Now, a few words to ponder from some other sources: 


Language did not appear at some point in a world already given; language and ‘the world’ that we know emerged simultaneously as two separate phenomena as a result of the loss of original participation, that is of a prior unity encompassing both. And that loss of original participation itself resulted in the polarity of inner and outer worlds that we experience today. Consciousness, from being spread out and interfused – as Wordsworth would say – with its world began to contract, to become more definite by becoming more limited, finding its home more and more within the confines of our skulls.


But since it had become evident by 1968 that the war could not be won, the only question that remained was how to get out. “The real issue in South Vietnam is, who shall govern, the Communists or their opponents,” and since Kissinger/Rockefeller continued to support the legitimacy of the South Vietnamese government, they were trapped in the same dilemma that had swallowed up the Johnson administration, trying to uphold an ally that had neither genuine legitimacy nor the will to fight for itself, and one that the Communist enemy was determined to overthrow.
Does this ring a bell? Applicable to current events?

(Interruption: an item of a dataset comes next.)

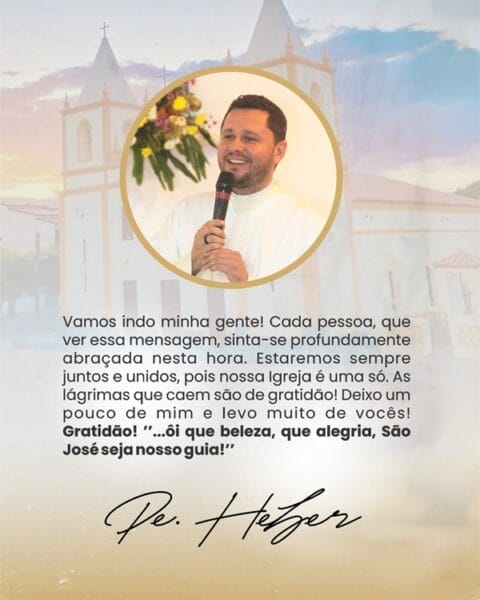 - Padre Heber publica mensagem de despedida e entristece fiéis em sua saída da paróquia de Carinhanha - 14/01/2026

But if an epistemic community follows the fallibilist and empirical rules, what it is doing will look like liberal science. And that is because what its members are doing will look like organized social persuasion.

One can but reiterate the point that the mystic is negating only concepts and idols of God, and in this way cleansing the doors of perception in the faith that, if God is real, he need not be sought in any particular direction or conceived in any special way. To see the light, it is only necessary to stop dreaming and open the eyes.

Historically, this kind of withdrawal from doing is the oldest condition posited for the life of the mind. In its early, original form it rests on the discovery that only the spectator, never the actor, can know and understand whatever offers itself as a spectacle.

Static quality patterns are dead when they are exclusive, when they demand blind obedience and suppress Dynamic change. But static patterns, nevertheless, provide a necessary stabilizing force to protect Dynamic progress from degeneration. Although Dynamic Quality, the Quality of freedom, creates this world in which we live, these patterns of static quality, the quality of order, preserve our world. Neither static nor Dynamic Quality can survive without the other.

Inequality may be inevitable. But in the most fundamental, moral sense, all human beings are equal.

Like any persuasive gospel, no element is without some small truth. Taken as a whole, the radical gospel sets itself as at war with a conservatism of prudence and moderation.